AI News, OpenAI Demonstrates Complex Manipulation Transfer from Simulation to Real World

OpenAI Demonstrates Complex Manipulation Transfer from Simulation to Real World

In-hand manipulation is one of those things that’s fairly high on the list of “skills that are effortless for humans but extraordinarily difficult for robots.” Without even really thinking about it, we’re able to adaptively coordinate four fingers and a thumb with our palm and friction and gravity to move things around in one hand without using our other hand—you’ve probably done this a handful (heh) of times today already, just with your cellphone.

Learning through practice and experience is still the way to go for complex tasks like this, and the challenge is finding a way to learn faster and more efficiently than just giving a robot hand something to manipulate over and over until it learns what works and what doesn’t, which would probably take about a hundred years.

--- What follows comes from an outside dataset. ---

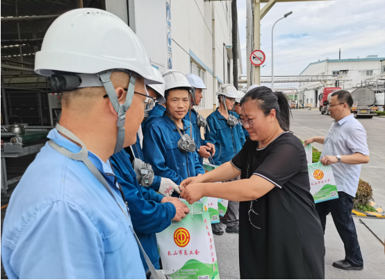 為應對高溫高濕天氣和新冠疫情常態化防控對安全生產帶來的影響和挑戰,維護職工安全健康權益,7月26日乳山市總工會“夏送清涼”活動走進威海佰德信新材料有限公司,乳山市經濟開發區經濟發展局周延斌局長及乳山市總工會的工作人員為公司一線員工送上毛巾、茶葉、水杯、礦泉水等“清涼禮包”,為大家帶來一份清涼愜意,也帶來了組織的關懷與慰問。
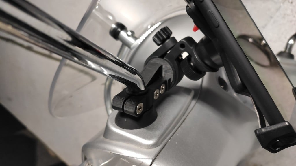 Ten adapter uchwytu na telefon został zaprojektowany, aby bezpiecznie przymocować smartfon do skutera Vespa GTS, w tym modeli takich jak GTS 250. Można go wygodnie zamontować na podstawie lusterka (14,5 mm) bez konieczności demontażu samego lusterka podczas instalacji, co sprawia, że proces jest szybki i prosty. Aby zapewnić stabilny i łatwy do odłączenia chwyt urządzenia, między adapterem a uchwytem lusterka można umieścić gumową przekładkę, co pomaga zminimalizować wibracje podczas jazdy.

Rather than wait a hundred years, researchers at OpenAI have used reinforcement learning to train a convolutional neural network to control a five-fingered Shadow hand to manipulate objects, all in just 50 hours.

They’ve managed this by doing it in simulation, a technique that is notoriously “doomed to succeed,” but by carefully randomizing the simulation to better match real-world variability, a real Shadow hand was able to successfully perform in-hand manipulation on real objects without any retraining at all.

The issue with using simulation to train robots is that the real world is impossible to precisely simulate, and it’s even more impossible to precisely simulate when it comes to thorny little things like friction and compliance and object-object interaction.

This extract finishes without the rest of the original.